In the calibration process, a certain number of representative samples are collected (generally more than 80 samples are required). While measuring their spectrograms, measurements are made using relevant standard analytical methods as needed to obtain various quality parameters of the samples, called reference data. The spectra are processed by chemometrics and correlated with the reference data so that a one-to-one correspondence mapping is established between the spectrograms and their reference data, which is usually called a model. Although the number of samples used for model building is limited, the models obtained by chemometric processing should be highly generalizable. The calibration methods used for model building vary depending on the relationship between the sample spectra and the properties to be analyzed. Commonly used methods include multiple linear regression, principal component regression, partial least squares, artificial neural networks, and topological methods. Obviously, the wider the range to which the model applies, the better. However, the size of the range of the model is related to the calibration method used to build the model, to the property data to be measured, and also to the range of analytical accuracy required to be achieved by the measurement. In practice, model building is achieved with chemometric software and has strict specifications.

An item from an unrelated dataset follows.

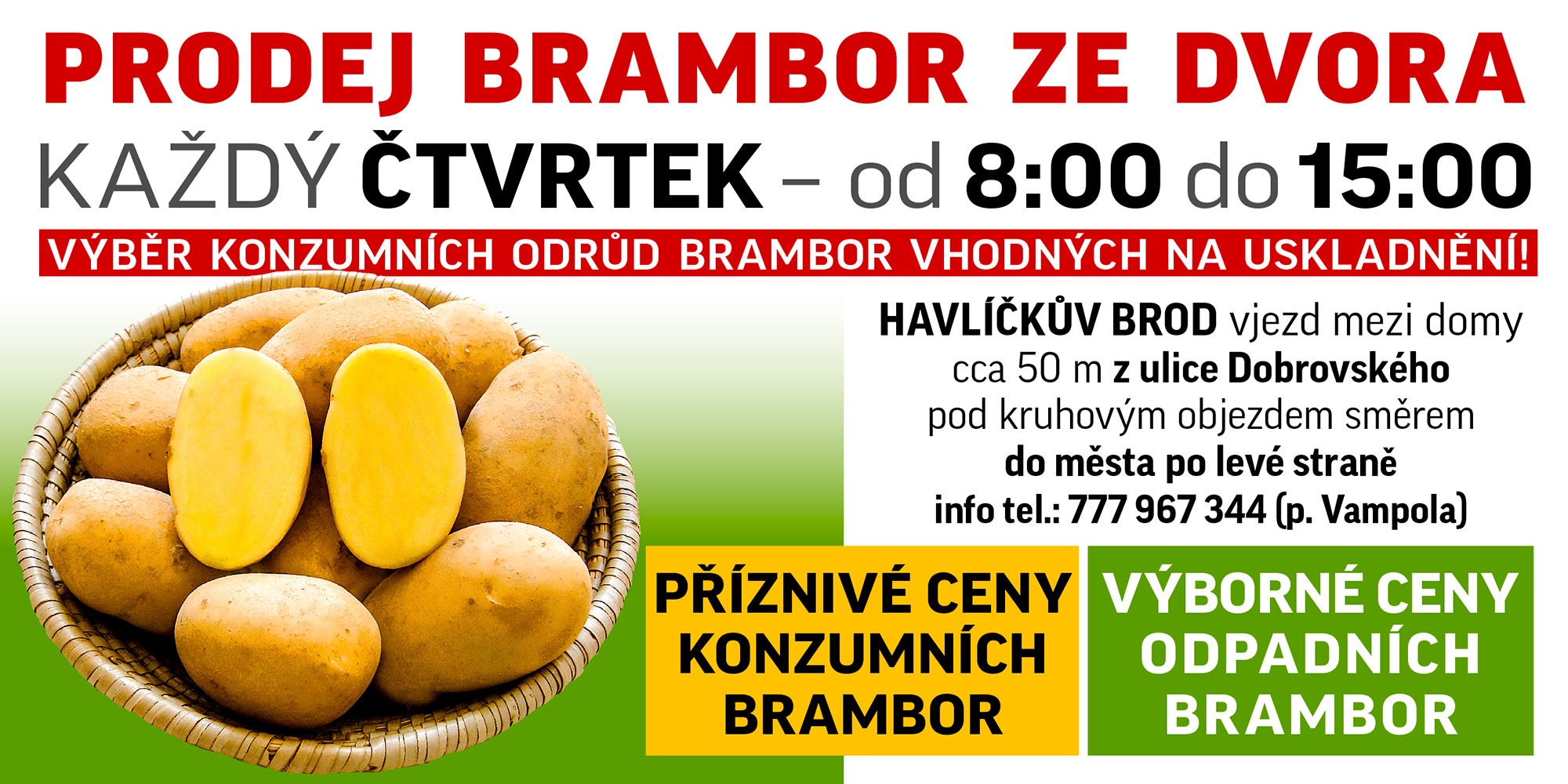 Prodej brambor 2023 bude zahájen 2.10.2023!

In the prediction process, the spectrogram of the sample to be measured is first measured using a near-infrared spectrometer, and then the model library is automatically searched by the software to select the correct model to calculate the mass parameters to be measured.
The main sources of detection errors in NIR spectrometers
are as follows.
a. The number of samples used to establish the calibration equation and the test equation.
b. The particle size and distribution of the sample.
c. The testing environment and the temperature of the sample.
d. The error due to chemical analysis.
An important characteristic of NIR analysis technology is the set of technology itself, which means that the following three conditions must be available at the same time.
a. NIR spectrometer with a long-term stable performance of each item is the basic requirement to ensure good reproducibility of data.
b. Full-featured chemometric software, which is an essential tool for model building and analysis.
c. A model that is accurate and has a wide enough range of applications.
The combination of these three conditions can be truly useful for the user. Therefore, it is important to have sufficient knowledge of the usability of the model provided by the instrument when purchasing it.
The fast speed of NIR analysis is due to the fast speed of spectral measurements and the fast speed of computer calculation of the results. However, the efficiency of NIR analysis depends on the number of models the instrument is equipped with. For example, if a spectrogram is measured with only one model, only one data can be obtained. If 10 data models are built, then 10 analytical data can be obtained simultaneously from just one measured spectrum.